Nevertheless, optimizations aside, I'd like a comment on effectiveness of change wrt the issue raised by Kikx. Thank you.

solardiz commented 4 years ago

I'd like a comment on effectiveness of change wrt the issue raised by Kikx.

This wasn't something I wanted to speak on without having thought of it while being fully concentrated on the problem and its potential variations. The comments I posted so far were without being fully concentrated on this - I was being distracted. I still intend to think of this properly and comment. We'd also need to test this with host-only code. That said, at first glance your approach looks valid. It would also be great to have a review by @kik.

Meanwhile, it's in this context that I brought up #54 - if we choose to address that issue by increasing seed size, then it could become irrelevant to consider merging your changes and thus to analyze them more thoroughly.

AndreaLanfranchi commented 4 years ago

I thought a lot about increasing seed size (also was initial suggestion/wish from Kristy) but my considerations were:

  1. seed is used as an initiator of RNG
  2. 64 bits are relatively light to shuffle among threads (2 Ops per lane instead of 8).
  3. KIS99 and FNV1A are not cryptographic functions ... Keccak is

Due to the above I really see no point in widening the seed (also considering the amplificator of NUM_LANES)

solardiz commented 4 years ago

All good points, @AndreaLanfranchi. However, I think we do need to address #54, which these changes don't (at least not on their own).

Now, you wanted my review. Here goes:

I think your description of this PR isn't entirely correct. You describe the original algo as follows:

- seed  == F(header_hash, nonce)
- mix   == F(seed)              // where memory access occurr
- final == F(seed, mix)

but it actually is more like:

- seed  == F(header_hash, nonce)
- mix   == F(seed)              // where memory access occurr
- final == F(header_hash, seed, mix)

Then you describe the changed algo as:

Purpose of this PR is to extend the dependency from header_hash to mix too so having

but the PR leaves the (limited) dependency of mix on header_hash unchanged - it's still only the same indirect dependency via seed. The good news is this doesn't matter for #51. The way you prevent that attack is by extending the dependency from nonce to final (via digest in the algo description I quote below), so perhaps that's what you meant to write in the sentence I quoted above?
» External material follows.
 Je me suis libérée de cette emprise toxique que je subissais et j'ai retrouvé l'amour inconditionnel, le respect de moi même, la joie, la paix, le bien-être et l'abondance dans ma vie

- digest == F(header_hash, nonce)
- seed  == F(digest)
- mix   == F(seed)       // where memory access occurr
- final == F(digest, mix)

The way this addresses #51 is by making what you described as step 5 invalidate the work done on steps 3 and 4:

4 Apply new_header_hash + seed + mix as input to last keccak round and compare first two words of digest result to target. If matching go ahead otherwise goto 3
5 We now have a new_header_hash and an "extraData" solving the algo. One thing left to do is to find a nonce which, combined with new_header in the initial Keccak round, produces a seed (and by consequence a mix_hash) which is equal to the one arbitrary set

On step 5, we'll most likely arrive at a different nonce, and now that final has a dependency on nonce not only via mix, but also via digest, it will most likely no longer meet target.

A variation of the attack that would still work would involve re-doing steps 3 and 4, then 5 again, etc. until both conditions are met at once. This effectively multiplies the 2^64 search at step 5 by the number of tries needed to meet network difficulty. Since 2^64 Keccak computations is obviously much more costly than one computation of mix (as would be needed in an equivalent loop in normal mining), this variation of the attack is clearly impractical (despite of it bypassing the memory hardness).
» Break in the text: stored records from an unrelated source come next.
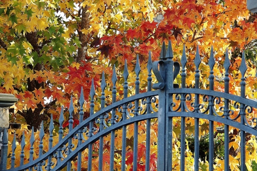le foglie colorate sullo sfondo valorizzano molto il dettaglio del cancello ![]() |
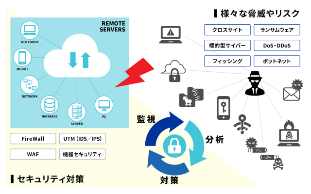 そのため、SIEM(Security Information and Event Management;セキュリティ情報/イベント管理システム)を使用したログ・イベント監視から、分析結果を受けての各種セキュリティ設定、攻撃があった際の分析結果を元にしたシグネチャ登録設定、さらにはセキュリティアナリストによる簡易な二次分析まで対応いたします。
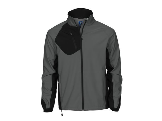 Softshelljacka med bra andningsförmåga. Två sid¿ckor med dragkedja. Bröst¿cka med dragkedja och invändigt fäste för ID-kortshållare. Två inner¿ckor. Hel dragkedja framtill med invändig vindslå för att förhindra vinddrag, samt hakskydd för att förhindra skav mot hakan. Reglerbar med snodd i nederkant.
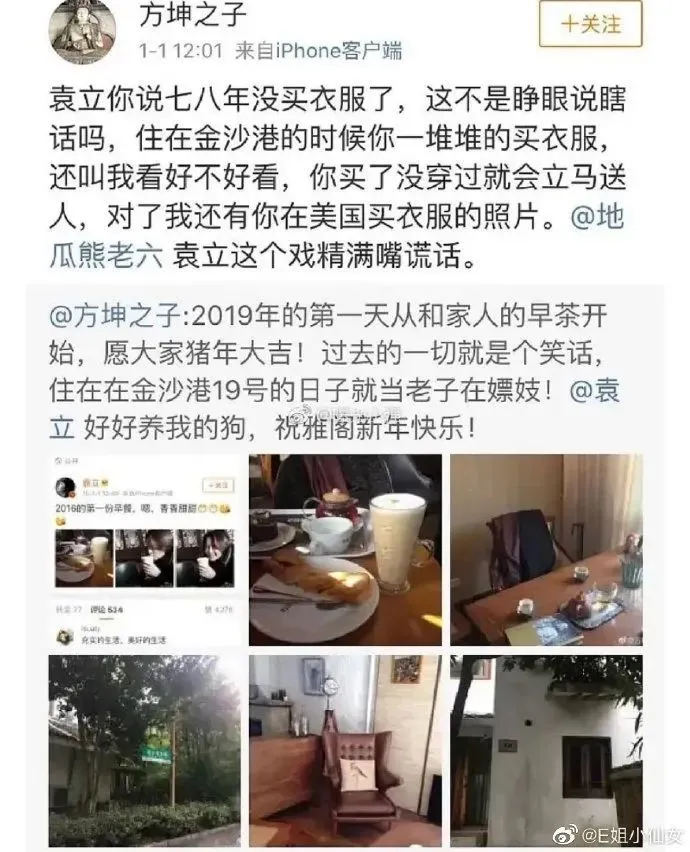 2019.1.1,他贴出与袁立同居的地址,还称自己手上还有袁立美国买衣服的照片。
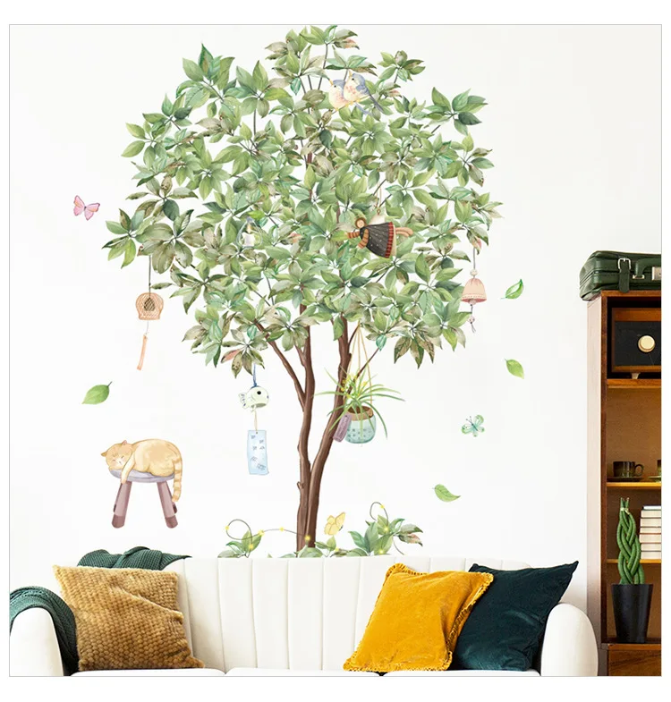 Наклейка Chuanhao с зелеными деревьями, ветром, колокольчиками, кошкой, наклейка на фон, наклейка для телевизора, наклейка на стену в спальню, Настенная Наклейка в пасторальном стиле
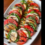 This Caprese Salad with Balsamic Glaze is best enjoyed immediately after assembly while the tomatoes are firm and the basil is crisp. If you must prepare it slightly ahead, layer the components, cover, and refrigerate, but add the salt, oil, and glaze right before serving to preserve perfect texture and flavor.
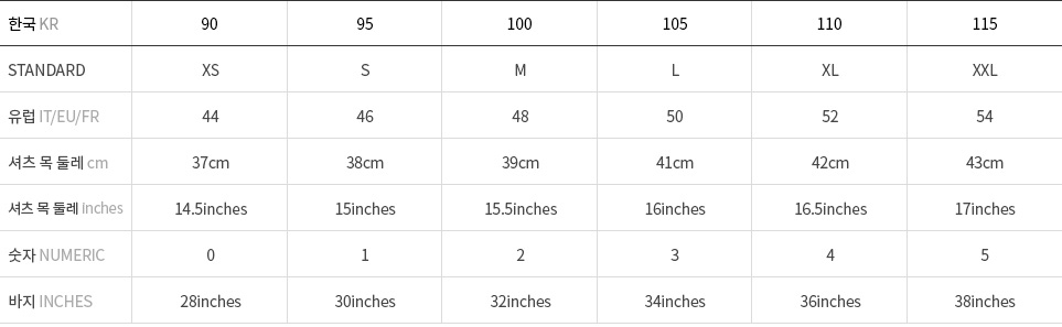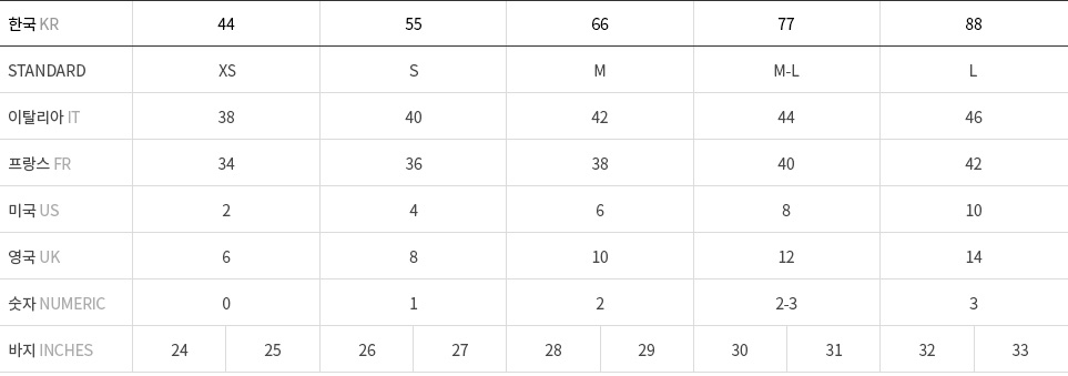 차트는 참고용이며, 브랜드와 스타일에 따라 차이가 있음을 유의하시기 바랍니다. 정확한 정보를 얻고 싶으신 경우 고객센터로 문의바랍니다.
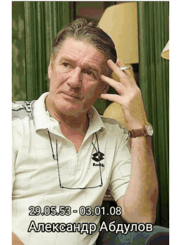 a man smoking a cigarette with the date 29.05.53 - 03.01.08
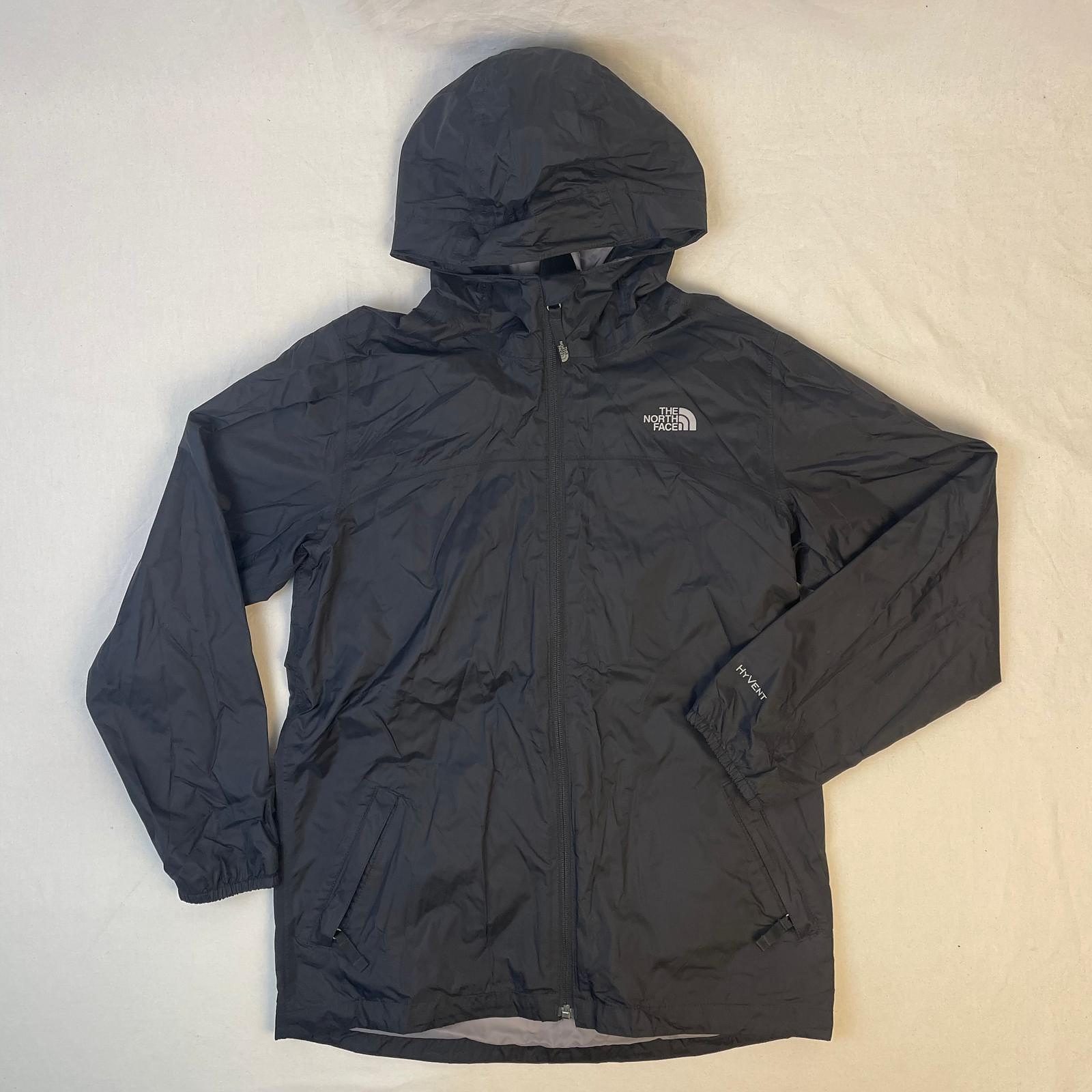 - Veste imperméable noire à capuche, fermeture devant par zip, doublure grise.

Summary: the description is wrong, the changes appear to address #51 anyway (allowing for only an obviously impractical variation of it), but they don't address #54 nor its possible variations (e.g., potential combinations of tricks from #51 and #54, which might be more efficient than #54 alone).
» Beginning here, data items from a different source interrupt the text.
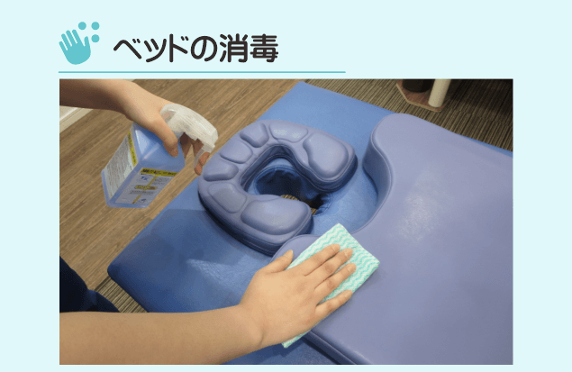 | ベッドや胸マットなどは、1回ごとに消毒液で清拭を行います |
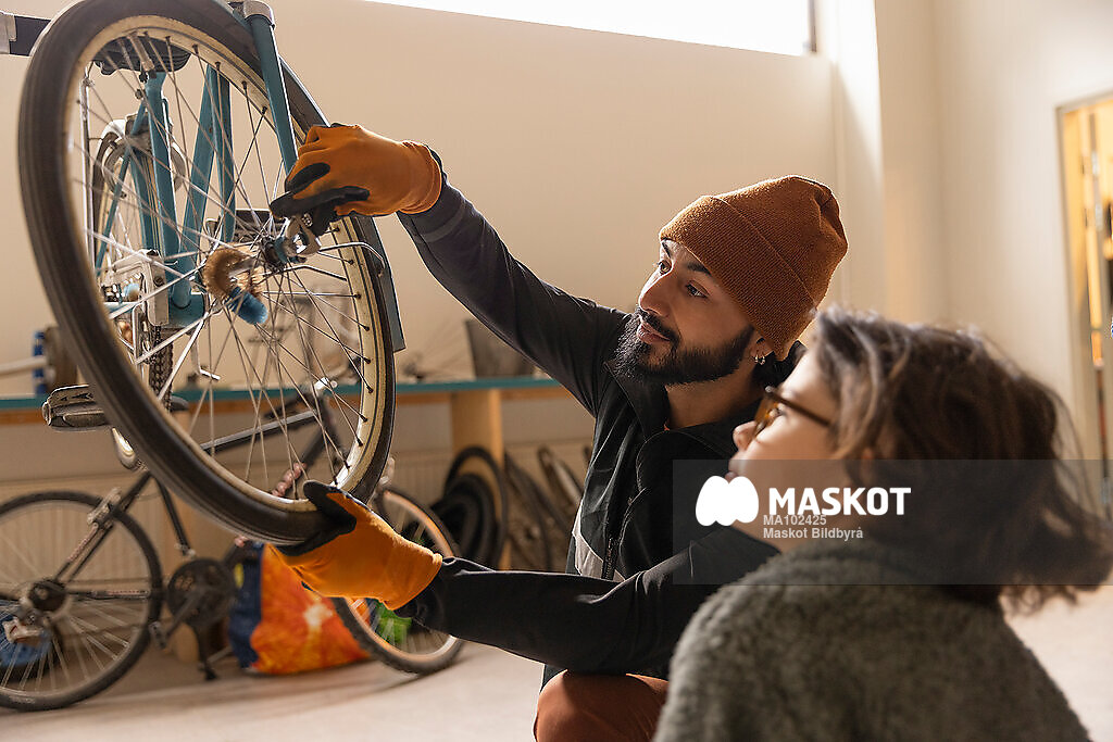 Manlig arbetare med mössa sätter på hjul på cykel
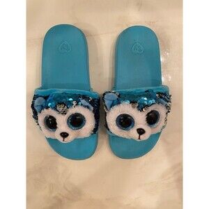Blue Sequin Slush the dog from Beanie Baby’s Boo's Collection Pool Slides Shoe Size1-3 Sparkly Colorful Fun!!
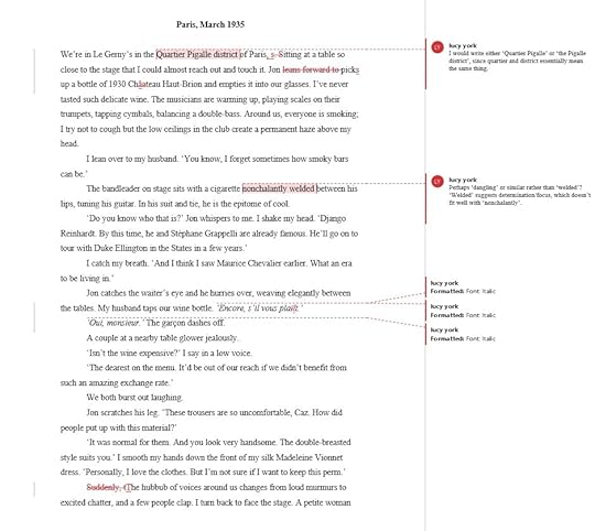 I was looking back today at my original manuscript of The Other Times of Caroline Tangent, before my editor, Lucy York got hold of it and provided all her wonderful improvements. And I thought it might be interesting for some writers (and readers) to see what it looked like at that point, and what sort of changes Lucy recommended.
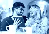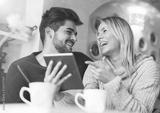 Loving couple sitting in the cafe, drinking tea and having fun w
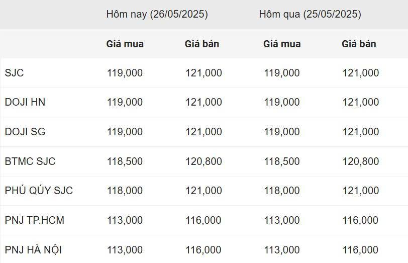 Tính đến 5h30 sáng nay (26/5/2025), giá vàng miếng trong nước vẫn duy trì ổn định, gần như không có biến động so với cuối tuần trước. Tại các hệ thống kinh doanh vàng lớn như SJC, DOJI ở cả Hà Nội và TP.HCM, giá mua vào tiếp tục được niêm yết ở mức 119 triệu đồng/lượng, trong khi giá bán ra đứng yên ở ngưỡng 121 triệu đồng/lượng.
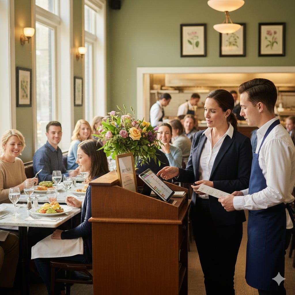 Every decision I made during brunch came back to that principle. When I had to choose between seating another table or helping a server who was drowning, I helped the server. When I had to choose between filling the dining room or protecting ticket times, I protected ticket times.
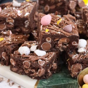Drizzle the brownies with melted milk chocolate, and then sprinkle over some crushed mini eggs for decoration
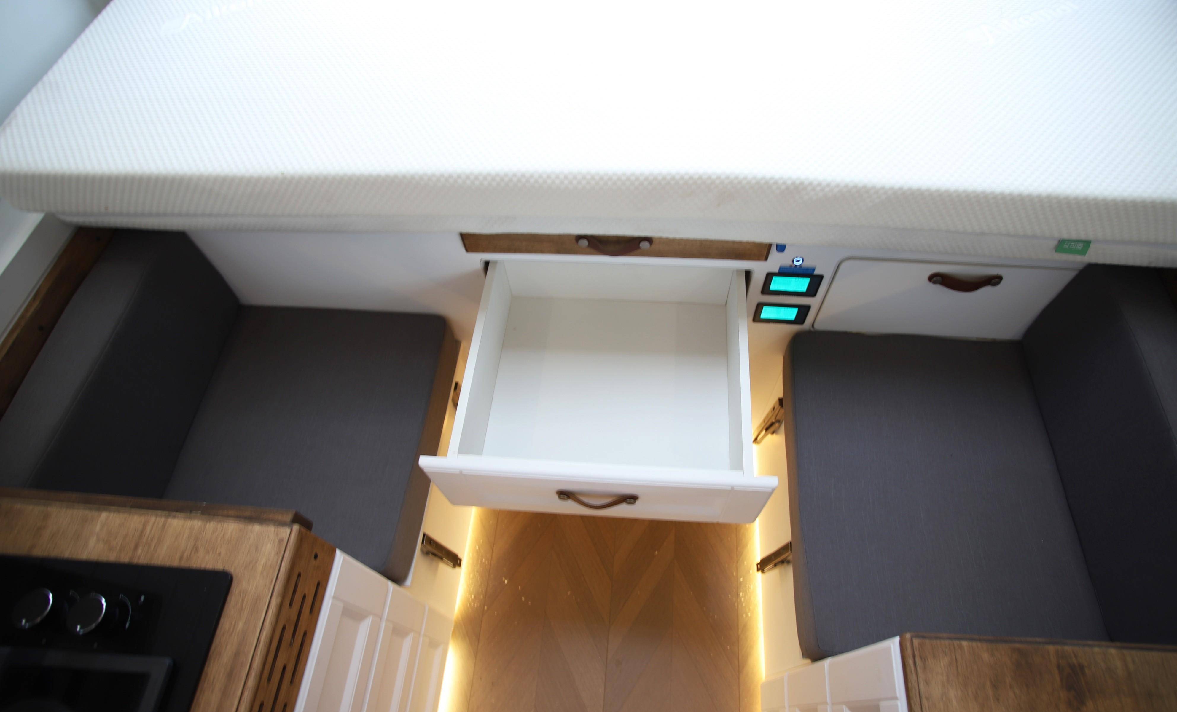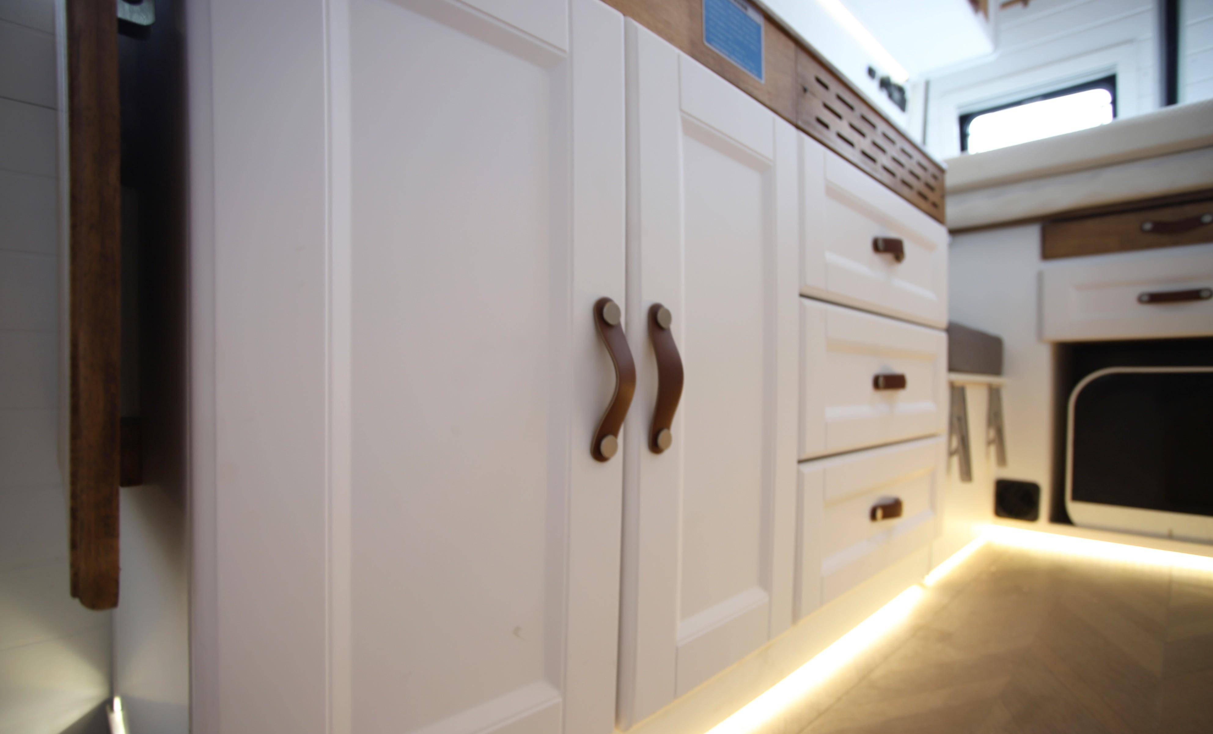 内侧为储物区和冰箱区。顶部储物柜可存放衣物,下方内嵌一台85L房车专用双开门冰箱。

solardiz commented 4 years ago

Regarding this point:

  1. KIS99 and FNV1A are not cryptographic functions ... Keccak is

I agree it's desirable to have a full "entropy bypass" using solely cryptographic hash functions from all inputs to the final output. This means including for the nonce, which ProgPoW misses (without this PR). However, I think this is much simpler and more efficiently achieved by changing this:

    return keccak_f800_progpow(header, seed, digest);

to:

    return keccak_f800_progpow(header, nonce, digest);

I see no reason to have included seed in there: it's just a function of header and nonce, which with my suggested change above we include directly.

I think this trivial change would be just as effective at addressing #51 as the changes you proposed here.

It would similarly not address #54. So we also need to increase seed size along with making that change.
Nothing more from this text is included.